**Dataset excerpts:**
^^^^

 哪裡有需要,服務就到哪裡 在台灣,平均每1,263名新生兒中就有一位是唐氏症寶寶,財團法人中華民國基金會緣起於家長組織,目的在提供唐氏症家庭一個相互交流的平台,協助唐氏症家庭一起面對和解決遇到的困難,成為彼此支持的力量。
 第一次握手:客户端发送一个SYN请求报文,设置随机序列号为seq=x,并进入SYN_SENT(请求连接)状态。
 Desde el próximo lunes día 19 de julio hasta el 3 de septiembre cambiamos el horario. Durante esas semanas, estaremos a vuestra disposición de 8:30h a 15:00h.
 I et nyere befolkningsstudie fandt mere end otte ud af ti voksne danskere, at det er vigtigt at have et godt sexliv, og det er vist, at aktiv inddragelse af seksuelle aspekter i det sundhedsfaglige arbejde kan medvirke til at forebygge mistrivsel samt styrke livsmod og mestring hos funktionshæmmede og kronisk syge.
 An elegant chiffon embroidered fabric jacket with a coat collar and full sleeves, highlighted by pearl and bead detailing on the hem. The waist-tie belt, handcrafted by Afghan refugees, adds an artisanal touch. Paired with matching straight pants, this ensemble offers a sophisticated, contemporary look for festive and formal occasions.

^^^^

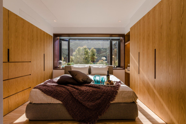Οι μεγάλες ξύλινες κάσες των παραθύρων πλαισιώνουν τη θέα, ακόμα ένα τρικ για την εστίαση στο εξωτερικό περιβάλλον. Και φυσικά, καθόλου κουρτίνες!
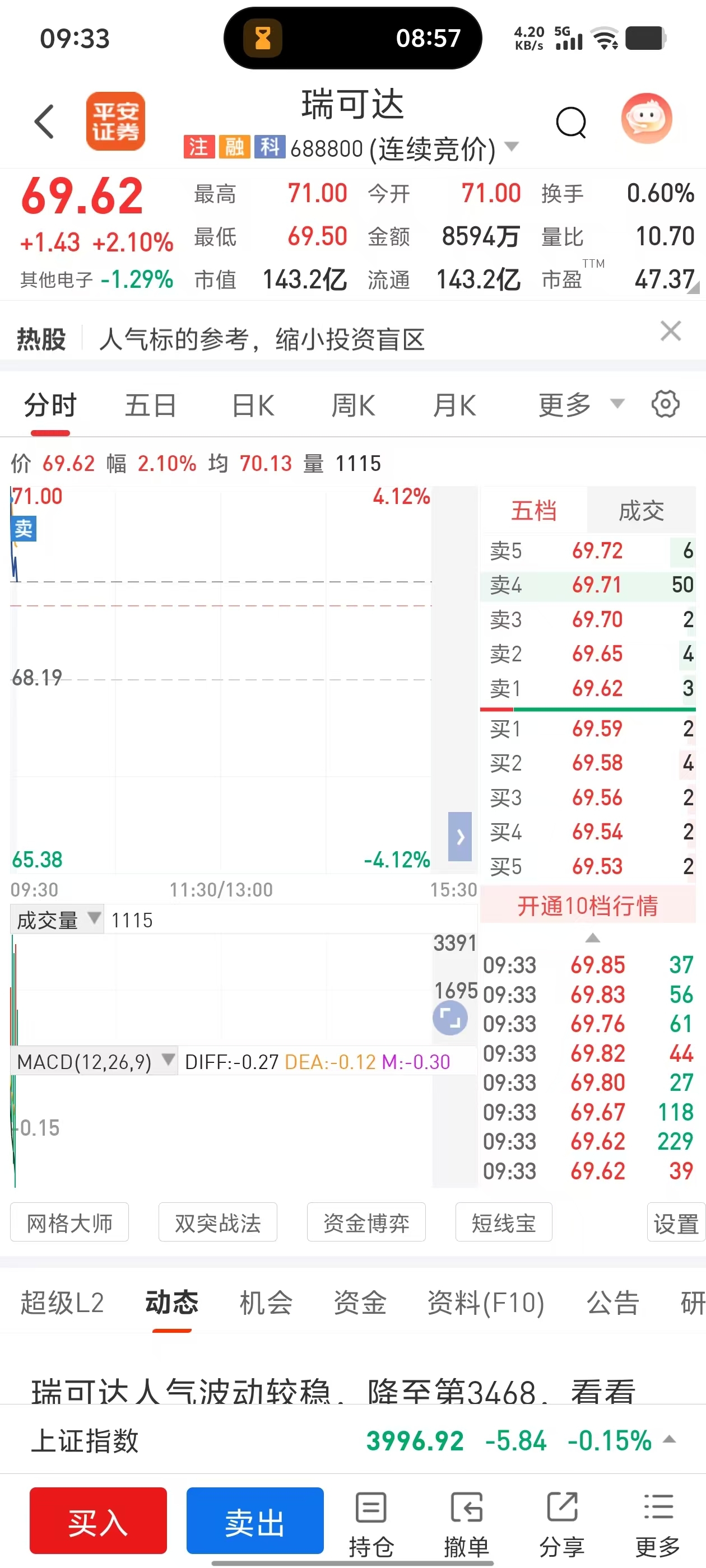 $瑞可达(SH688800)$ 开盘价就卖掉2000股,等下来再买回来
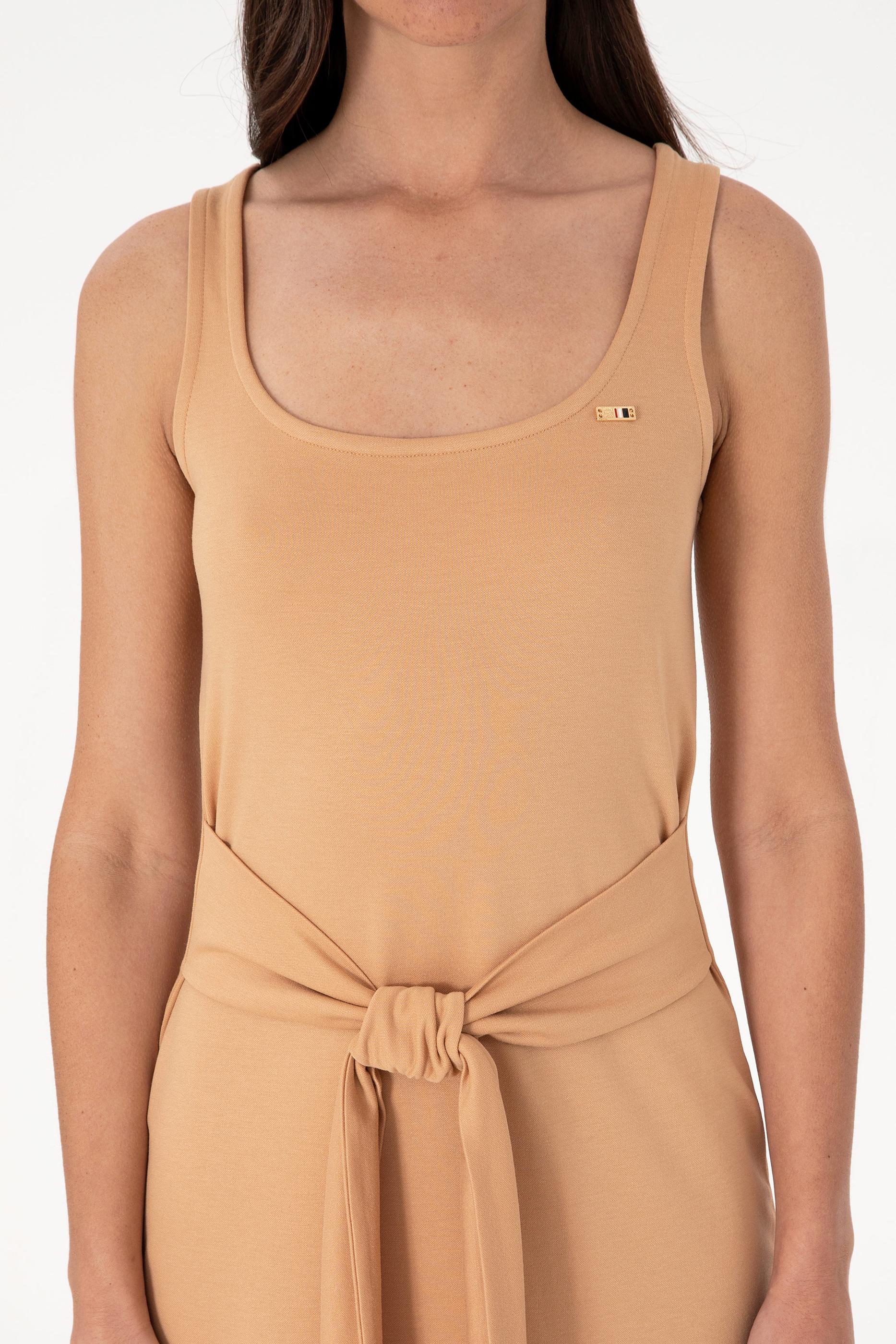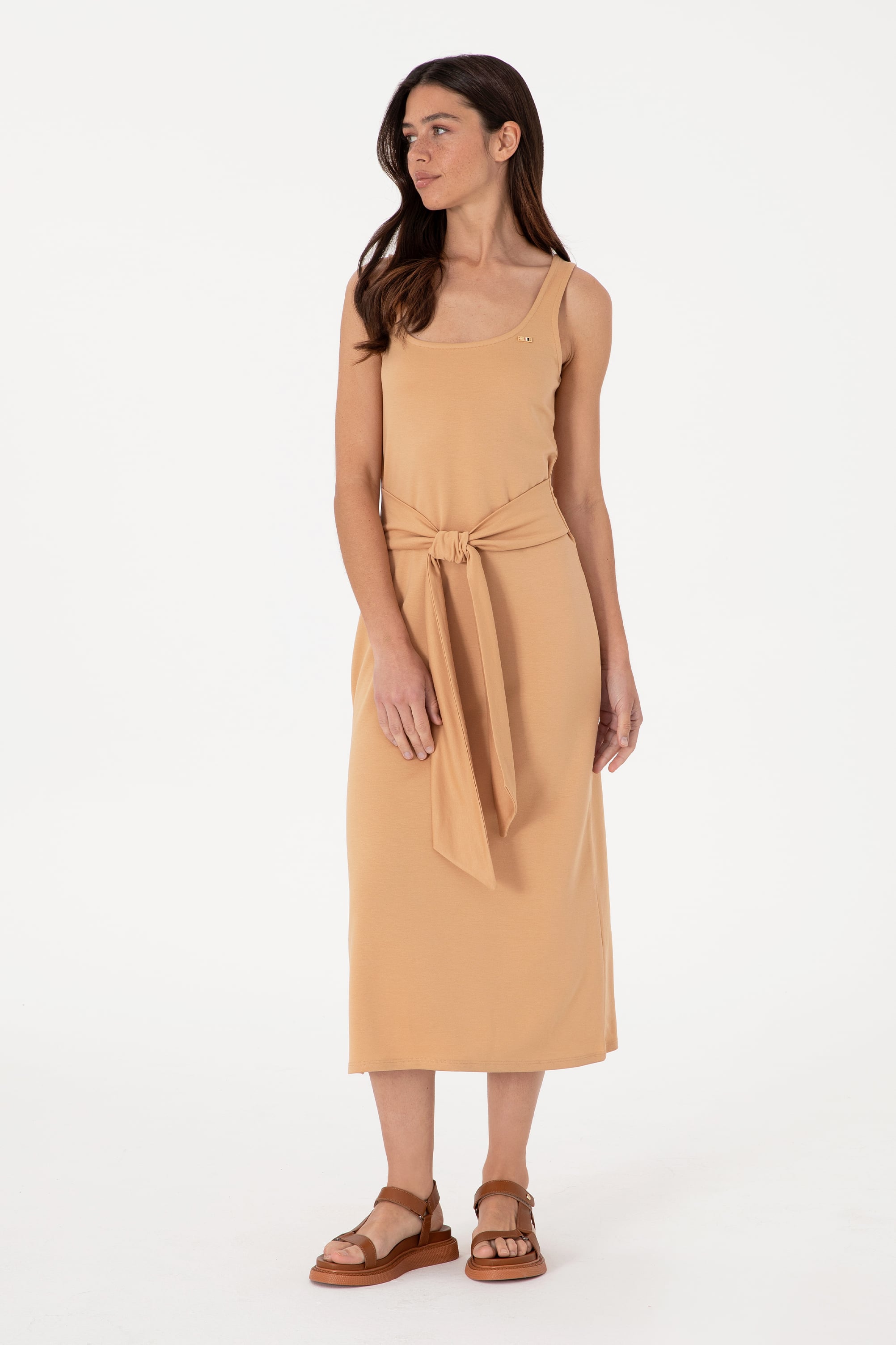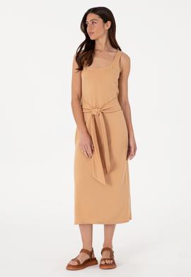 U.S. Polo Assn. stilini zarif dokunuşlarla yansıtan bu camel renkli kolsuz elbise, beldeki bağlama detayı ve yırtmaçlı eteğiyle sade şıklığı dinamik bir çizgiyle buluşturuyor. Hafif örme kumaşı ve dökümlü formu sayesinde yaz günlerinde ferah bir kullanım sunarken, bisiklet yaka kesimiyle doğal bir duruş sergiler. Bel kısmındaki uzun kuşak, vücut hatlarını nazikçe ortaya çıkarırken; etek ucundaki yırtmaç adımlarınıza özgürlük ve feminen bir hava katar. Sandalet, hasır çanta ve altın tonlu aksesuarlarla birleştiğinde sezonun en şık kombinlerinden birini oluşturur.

^^^^

**How to complete this task:** From the entries above, print the lines beginning at the one with "第一次握手:客户端发送一个S" and stopping after the one with "Desde el próximo", exactly as written and with nothing else.

**Answer to the problem:**
 第一次握手:客户端发送一个SYN请求报文,设置随机序列号为seq=x,并进入SYN_SENT(请求连接)状态。
 Desde el próximo lunes día 19 de julio hasta el 3 de septiembre cambiamos el horario. Durante esas semanas, estaremos a vuestra disposición de 8:30h a 15:00h.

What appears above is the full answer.